Several blog readers have emailed me to ask why I have not been blogging about the 1 million read IOPS capability of Sun Oracle Database Machine. My first inclination was to blog sarcastically that the reason is because Sun Oracle Database Machine is not, in fact, a 1 million IOPS platform! It turns out that the 1 million read IOPS figure that everyone is touting is actually a bit conservative! And yes, we are talking about real Oracle Database read IOPS—physical Oracle datafile I/O operations buffered in the System Global Area (SGA). But I won’t be approaching the topic by simply echoing the million IOPS marketing mantra.

This blog entry is aimed at the many folks at Open World 2009 who asked me why the Sun Oracle Database Machine (with its million read IOPS capabililty) should be interesting to them given their (much less than 1 million) IOPS rates and to all other DBAs asking that very same question.

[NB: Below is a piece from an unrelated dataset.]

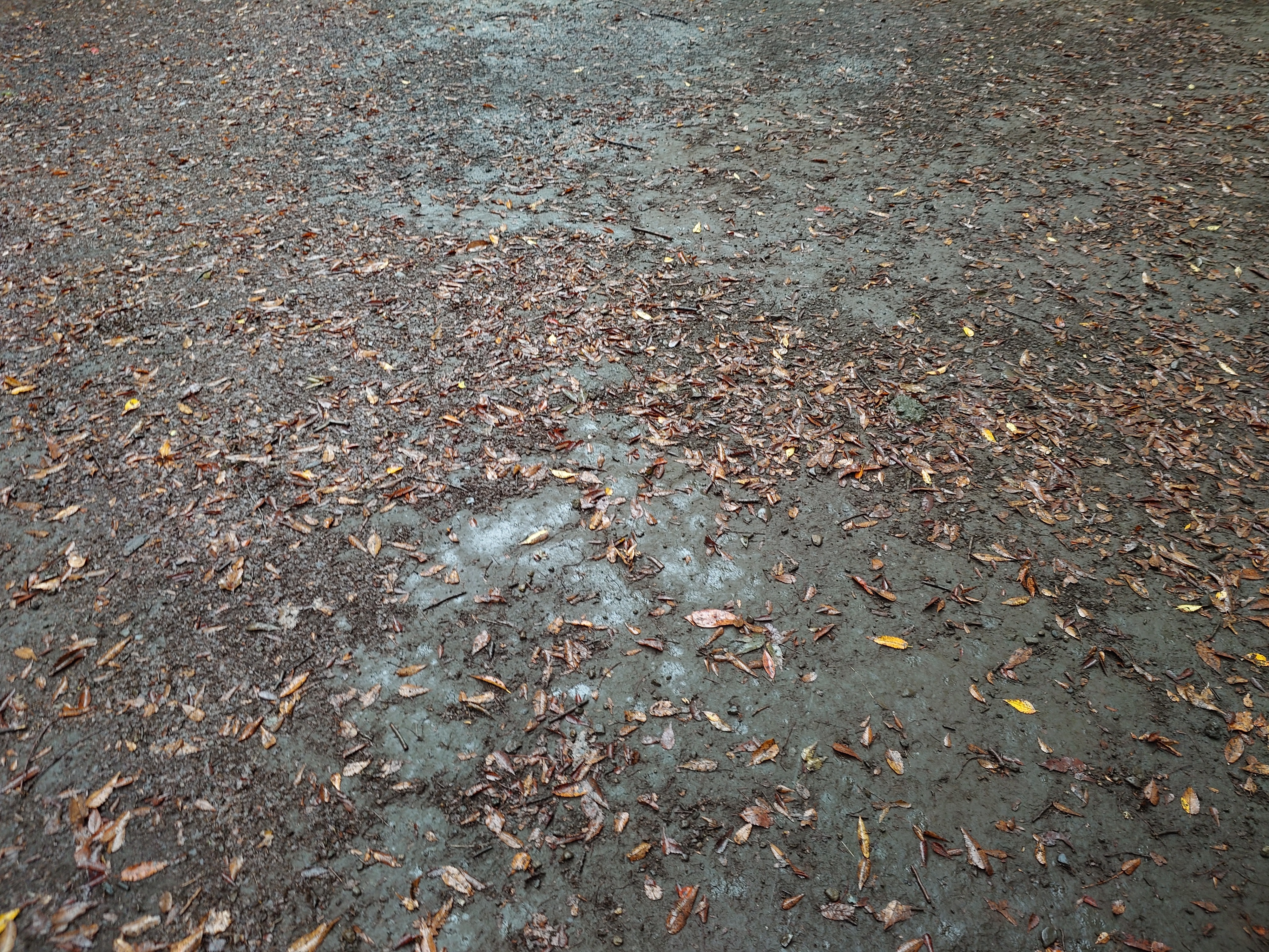 6時半に会場予定の蘆花公園へ行くと、雨で地面はつるっつる。

Sun Oracle Database Machine – The Million IOPS Capable Platform
The point, in my mind anyway, is that while I’m 99.9999942% (have to include the requisite five “9s” in there) certain that your application does not demand anything close to a million IOPS, the Sun Oracle Database Machine is a million read IOPS capable platform and that should still be important to folks considering Sun Oracle Database Machine for read-intensive ERP/OLTP. The platform is a million read IOPS capable platform not based on bandwith specifications or datasheet, but based on true end-to-end proof. Why is this important to you?

The Soothing Salve of Head Room
I can’t count how many times I’ve been involved with customer performance problems over the years where spikes in the IOPS rate caused poor performance. “No kidding” you say. As I best recall, each and every one of those tuning exercises included attempts to determine what the end-to-end IOPS capacity of the configuration actually was to include what the host processors would handle.

Keep in mind that with OLTP workloads the cost of a read I/O (e.g., db file sequential read) starts with an SGA cache miss—and cache misses have cost (in terms of CPU).  In addition to that is the overhead to set up the read and the LRU and chaining actions associated with the newly buffered block (there is of course more to it, but the lion’s share is worth discussing). These costs are paid in CPU cycles, but I was never quite able to work out any magic decoder ring for the overhead associated with these specific I/O related tasks since it varied by platform, OS and I/O protocol.  I knew one thing for certain though—I generally ran out of CPU before I ran out of IOPS capacity. Of course I’ve had the luxury of defining and working on balanced configurations throughout my career. Now, before I forget, I need to remind you that I am blogging about end-to-end Oracle Database IOPS (ERP/OLTP) as opposed to a synthetic low-level microbenchmark such as Orion. Orion will help show you what the hardware (I/O path, not CPU) can do by way of IOPS, but it cannot predict the end-to-end IOPS capability of your platform.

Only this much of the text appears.